Having sat through a number of auditions lately, I’ve been surprised by the unsettling amount of dramatic up-tempos that feel more “dramatical” than grounded in a real story. This has little to do with how they’re delivered and everything to do with the craft of the songs themselves.
This week we’re highlighting 5 dramatic up-tempo songs for various voice types that strike that fine balance of intention, tone, and pace – songs that allow the voice to soar even while activating a strong given circumstance.
And I Face East
Music & Lyrics by: Josh Kight
Performed by: Austin Lauer
The accompaniment of this song for bass-baritone both mirrors the incessant movement of the subway and echoes the character’s state of mind. The bridge section opens up the purposefully limited harmonic world of the opening while allowing the singer to also explore more of their range. Let’s face it: not many people are writing for bass-baritone and this song is a goodie!

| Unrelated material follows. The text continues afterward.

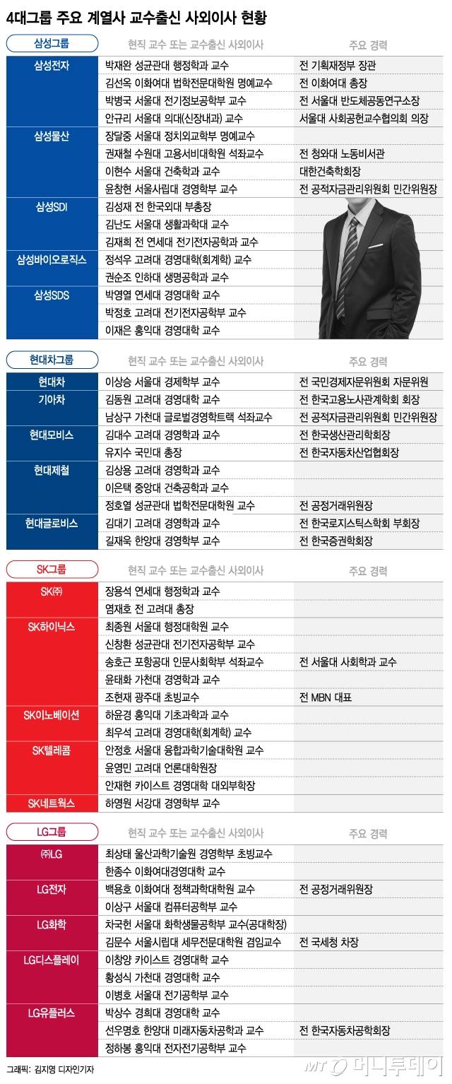 사외이사 비중이 가장 큰 그룹은 삼성이었다. 삼성전자·물산·SDI·SDS·바이오로직스 5개사의 사외이사 22명 중 무려 16명(72.7%)이 교수군으로 확인됐다. 대표적으로 삼성전자는 총 6명으로 구성된 사외이사진 중 4명을 박재완 성균관대 행정학과 교수와 김선옥 이화여대 법학전문대학원 명예교수, 박병국 서울대 전기정보공학부 교수, 안규리 서울대 의대(신장내과) 교수 등으로 채웠다. 삼성물산도 사외이사 5명 중 4명이 교수였다.

Music & Lyrics: Andy Monroe
Performed by: Andy Monroe
Sometimes the anonymity of the city leaves one crying out in despair, hoping someone will hear. The accompaniment figure leading into the A sections feels incredibly specific to the character’s state of mind. Notice the well-crafted rhyme scheme and the hope in the harmonies of the B sections, which sadly lead us back to the A sections, telling us nothing has changed.
We love Jaime Lozano’s voice as a composer and how he brings it to this story song for belt tenor. The hook is always placed in the middle of each phrase. This allows the rhyme scheme to ground the song structure while making the repeated hook feel both necessary and a surprise each time. While the band brings this song to life, we assure you you’ll get the same favor in the piano accompaniment!
Music & Lyrics: Michael Patrick Walker
Performed by: Lauren Kennedy
This song for high belt/mix smartly paces the vocal and dramatic range, giving the performer a great deal to play from an acting perspective while also allowing for vocal “fireworks.” The character has lived her life under the thumb of an overbearing mother and in the shadow of an attention-grabbing sister. When she finally breaks free, it is with some bad, impulsive choices, leaving her to decide how to move forward. Notice how the lyric sits on the expansive melody. This is the kind of song (and writer) that still allows the character to truly sing while they search for answers.
This is a smart song of questions for legit mezzo. In “Where is the Magic?” we recognized a retelling of the Cinderella story. The song finds a delicate balance between situational humor and the character’s earnest desire to move beyond her given circumstances. Both the lyric and music have the unique quality of being inviting and inventive. Mezzos doesn’t always get these kinds of discoveries, so this song is very much worth singing!